◆ Information given
[Start of Attachment]

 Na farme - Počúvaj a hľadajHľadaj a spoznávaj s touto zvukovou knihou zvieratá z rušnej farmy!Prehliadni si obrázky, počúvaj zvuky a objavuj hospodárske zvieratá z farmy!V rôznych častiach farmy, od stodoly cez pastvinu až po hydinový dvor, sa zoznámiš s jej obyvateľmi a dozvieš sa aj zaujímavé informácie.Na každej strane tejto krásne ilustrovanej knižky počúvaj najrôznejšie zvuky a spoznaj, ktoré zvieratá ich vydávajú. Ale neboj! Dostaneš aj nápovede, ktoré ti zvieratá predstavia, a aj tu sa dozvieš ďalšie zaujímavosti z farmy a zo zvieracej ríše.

[End of Attachment]
[Start of Attachment]

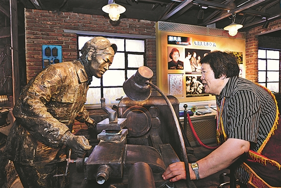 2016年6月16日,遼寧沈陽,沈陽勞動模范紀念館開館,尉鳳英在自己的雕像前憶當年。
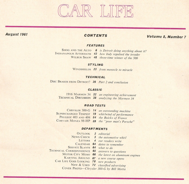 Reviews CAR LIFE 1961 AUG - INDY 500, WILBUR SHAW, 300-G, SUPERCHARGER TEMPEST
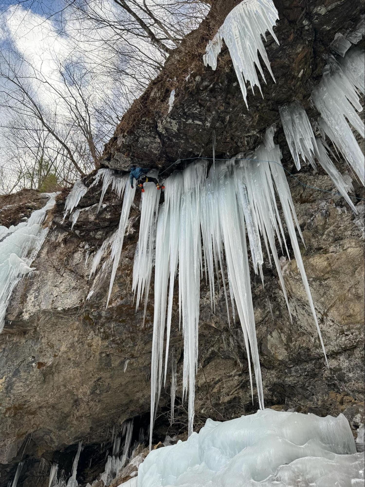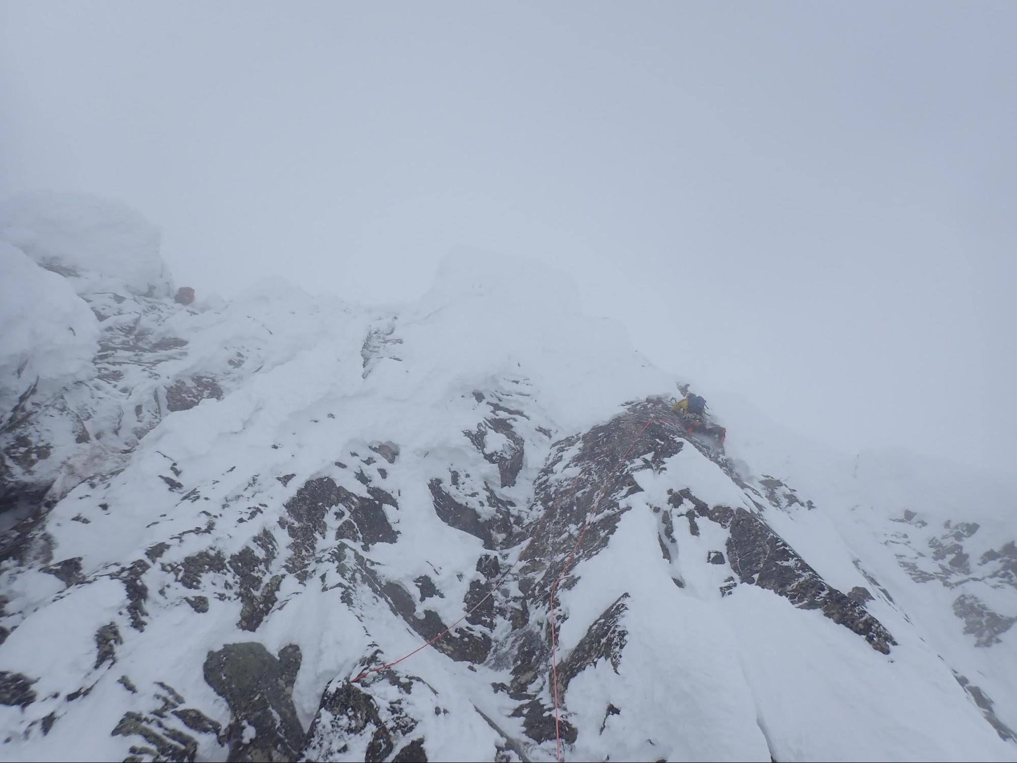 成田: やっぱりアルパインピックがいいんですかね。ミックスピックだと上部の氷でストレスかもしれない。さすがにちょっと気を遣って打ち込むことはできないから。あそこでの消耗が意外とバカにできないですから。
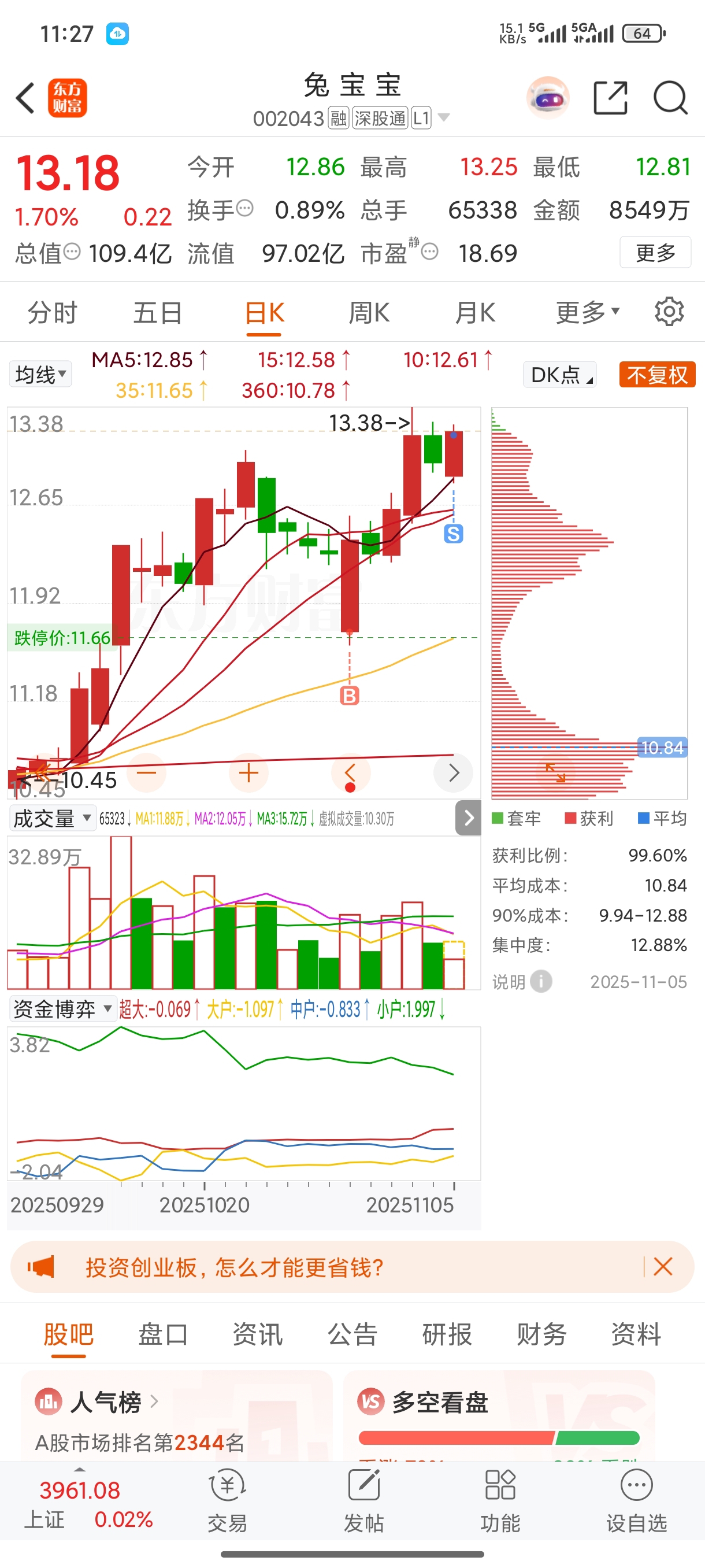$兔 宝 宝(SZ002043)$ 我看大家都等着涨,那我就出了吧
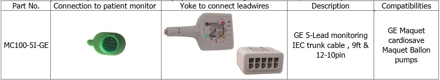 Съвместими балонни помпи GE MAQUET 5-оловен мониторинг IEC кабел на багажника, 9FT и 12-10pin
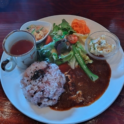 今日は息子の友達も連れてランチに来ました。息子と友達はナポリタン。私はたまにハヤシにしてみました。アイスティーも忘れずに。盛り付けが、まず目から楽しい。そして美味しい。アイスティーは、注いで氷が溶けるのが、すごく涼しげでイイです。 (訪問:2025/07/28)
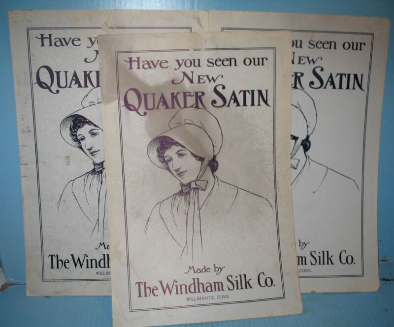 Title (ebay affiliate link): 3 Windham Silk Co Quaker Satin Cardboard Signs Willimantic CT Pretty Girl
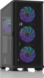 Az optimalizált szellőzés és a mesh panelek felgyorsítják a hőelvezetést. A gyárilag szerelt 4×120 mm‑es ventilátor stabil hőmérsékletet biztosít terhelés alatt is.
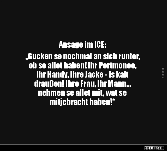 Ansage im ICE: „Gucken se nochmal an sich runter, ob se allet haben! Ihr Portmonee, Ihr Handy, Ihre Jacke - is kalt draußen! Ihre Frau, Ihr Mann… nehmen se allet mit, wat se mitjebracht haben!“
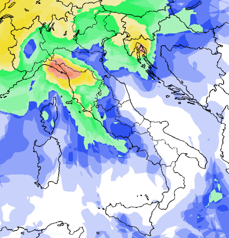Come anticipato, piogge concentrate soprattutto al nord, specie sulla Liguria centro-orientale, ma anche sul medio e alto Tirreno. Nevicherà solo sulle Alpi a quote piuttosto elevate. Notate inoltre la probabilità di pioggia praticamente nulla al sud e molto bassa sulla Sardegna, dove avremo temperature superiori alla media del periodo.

[End of Attachment]
[Start of Attachment]

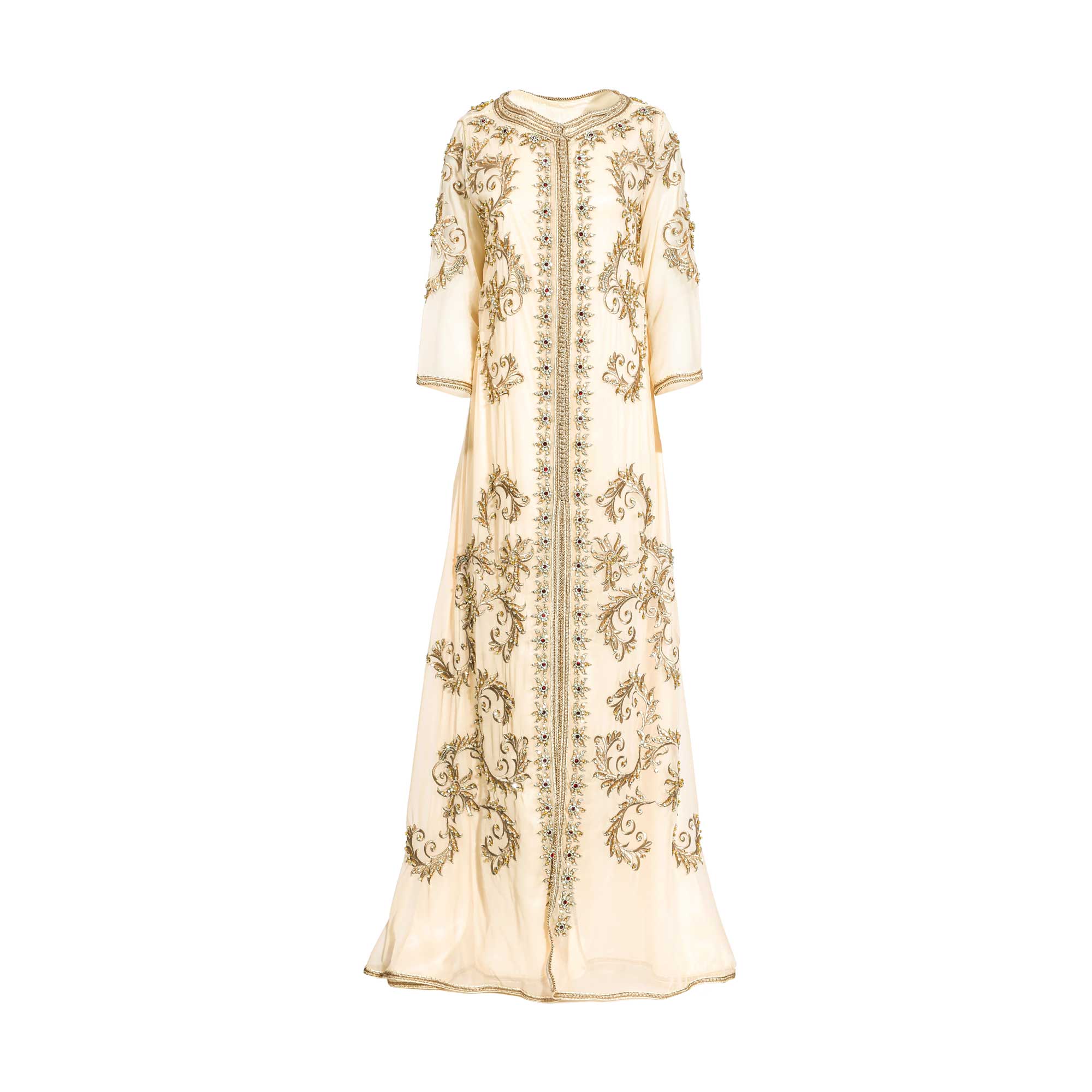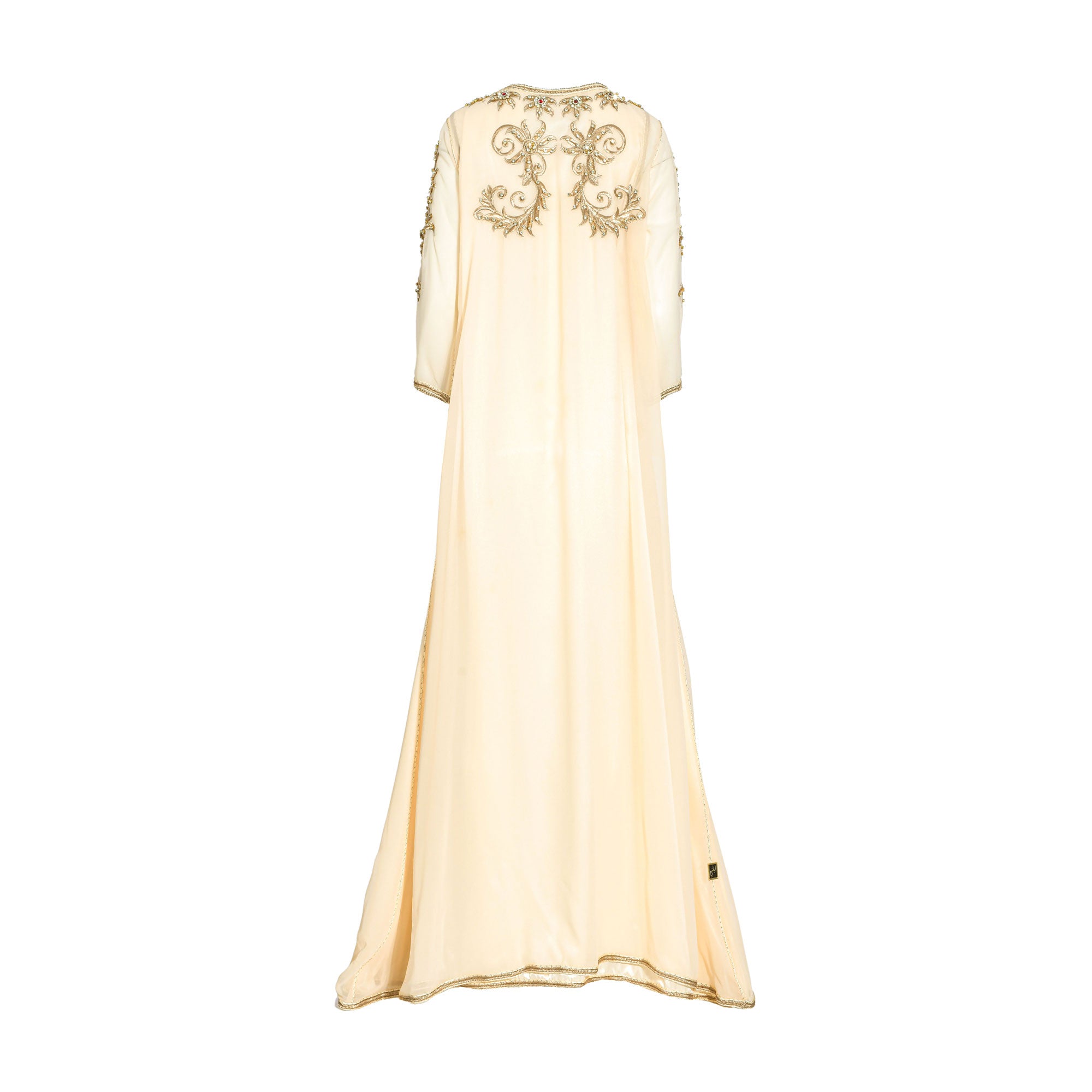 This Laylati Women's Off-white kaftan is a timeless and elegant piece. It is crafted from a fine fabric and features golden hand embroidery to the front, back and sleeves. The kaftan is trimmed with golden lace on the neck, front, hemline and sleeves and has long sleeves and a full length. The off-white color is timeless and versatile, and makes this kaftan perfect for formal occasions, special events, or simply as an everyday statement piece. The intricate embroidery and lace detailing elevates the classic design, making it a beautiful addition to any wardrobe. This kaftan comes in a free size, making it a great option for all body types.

[End of Attachment]

◆ Task item
Retype the lines above exactly as they appear, from the line containing "Reviews CAR LIFE" through the line containing "Come anticipato, piogge", and leave out any pictures.

◆ Your response
 Reviews CAR LIFE 1961 AUG - INDY 500, WILBUR SHAW, 300-G, SUPERCHARGER TEMPEST
 成田: やっぱりアルパインピックがいいんですかね。ミックスピックだと上部の氷でストレスかもしれない。さすがにちょっと気を遣って打ち込むことはできないから。あそこでの消耗が意外とバカにできないですから。
$兔 宝 宝(SZ002043)$ 我看大家都等着涨,那我就出了吧
 Съвместими балонни помпи GE MAQUET 5-оловен мониторинг IEC кабел на багажника, 9FT и 12-10pin
 今日は息子の友達も連れてランチに来ました。息子と友達はナポリタン。私はたまにハヤシにしてみました。アイスティーも忘れずに。盛り付けが、まず目から楽しい。そして美味しい。アイスティーは、注いで氷が溶けるのが、すごく涼しげでイイです。 (訪問:2025/07/28)
 Title (ebay affiliate link): 3 Windham Silk Co Quaker Satin Cardboard Signs Willimantic CT Pretty Girl
 Az optimalizált szellőzés és a mesh panelek felgyorsítják a hőelvezetést. A gyárilag szerelt 4×120 mm‑es ventilátor stabil hőmérsékletet biztosít terhelés alatt is.
 Ansage im ICE: „Gucken se nochmal an sich runter, ob se allet haben! Ihr Portmonee, Ihr Handy, Ihre Jacke - is kalt draußen! Ihre Frau, Ihr Mann… nehmen se allet mit, wat se mitjebracht haben!“
Come anticipato, piogge concentrate soprattutto al nord, specie sulla Liguria centro-orientale, ma anche sul medio e alto Tirreno. Nevicherà solo sulle Alpi a quote piuttosto elevate. Notate inoltre la probabilità di pioggia praticamente nulla al sud e molto bassa sulla Sardegna, dove avremo temperature superiori alla media del periodo.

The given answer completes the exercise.